Glazing Demo

Today Gary demonstrated glazing on one of my Minneola paintings. He felt that the table top was too blue and that the reflections were too bright, so he simultaneously shifted the hue, lowered the saturation, and darkened with a glaze of Sap Green and Burnt Sienna, thinned with linseed oil. Check out the before-and-after:

8″ x 8″ painting before adding the glaze.

After applying a glaze of Sap Green and Burnt Sienna.

Mondrian or Calder?

Is it a Mondrian or a Calder? Actually neither. I painted this backdrop to incorporate in a still life tableau with transparent glass containers filled with water. I’m hoping that the colors in the backdrop will make interesting shapes and patterns when viewed through the water. Once the paint dries, I will remove the masking tape and then add black pinstripe borders to each of the colored shapes.

Portrait Study II

This second study is an 12” x 16” under painting in oil. I am trying to explore how to leverage the shape information that I captured in my print design, while using the vocabulary of paint in a way that adds something valuable in its own right.
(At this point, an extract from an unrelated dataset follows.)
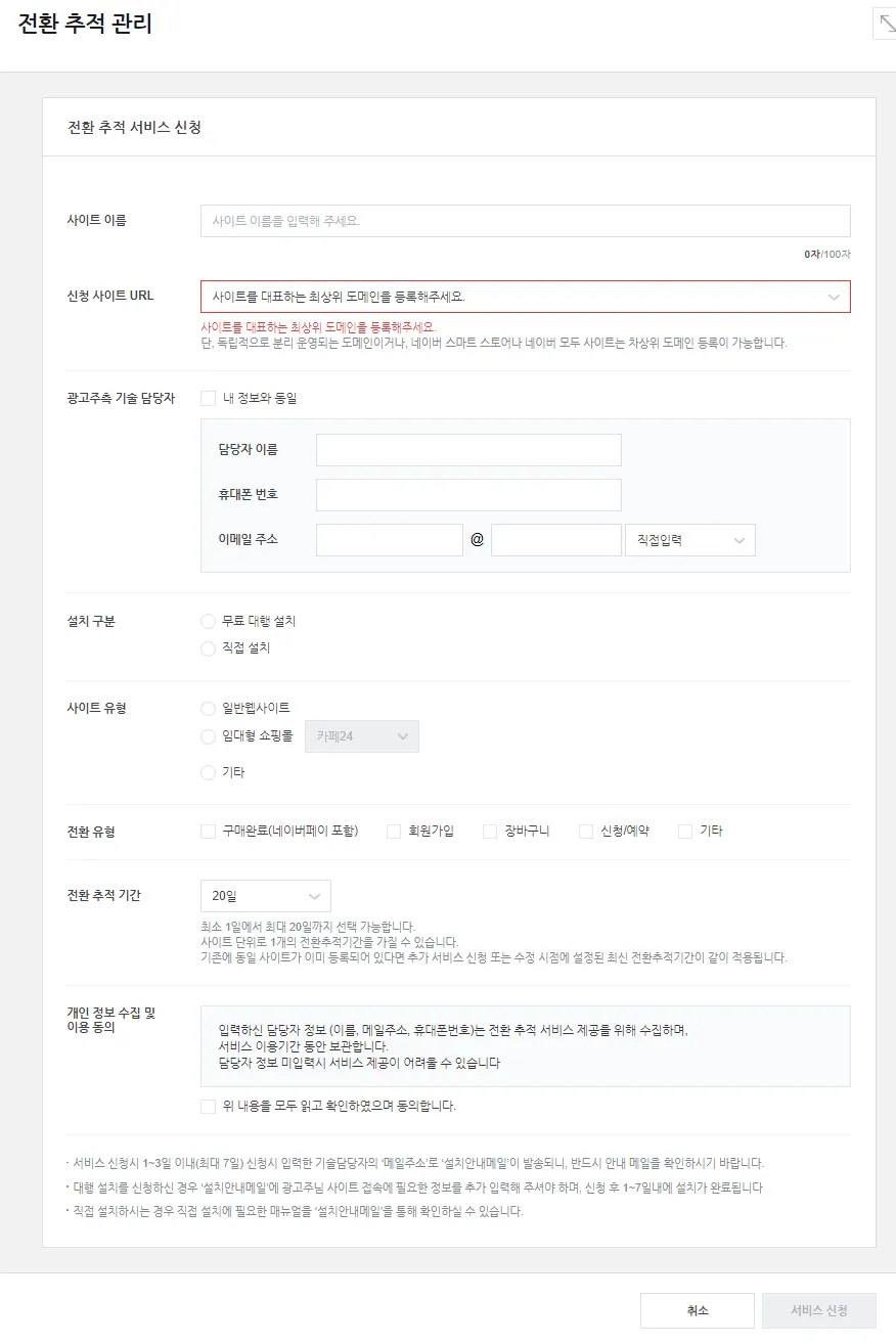 광고주측 기술 담당자: 추적 스크립트 설치 권한 보유 및 담당자 연락처 입력

I was inspired by Gary’s demo of broken color and by my own experiments with impasto and warm/cool relations. My plan for the oil study is to go much darker, using cool broken colors for the background, and warm unbroken colors for the shadow part of the head. I will probably indicate the ear, eye, sternocleidomastoid, and hairline with diffuse darker marks. I’m thinking the portions of the head in the light will turn form, but use pretty heavy, almost impasto paint and I plan to make the background dark on the left to contrast with the rim light, gradually lighten towards the right to pick up more of the skull and hair in silhouette.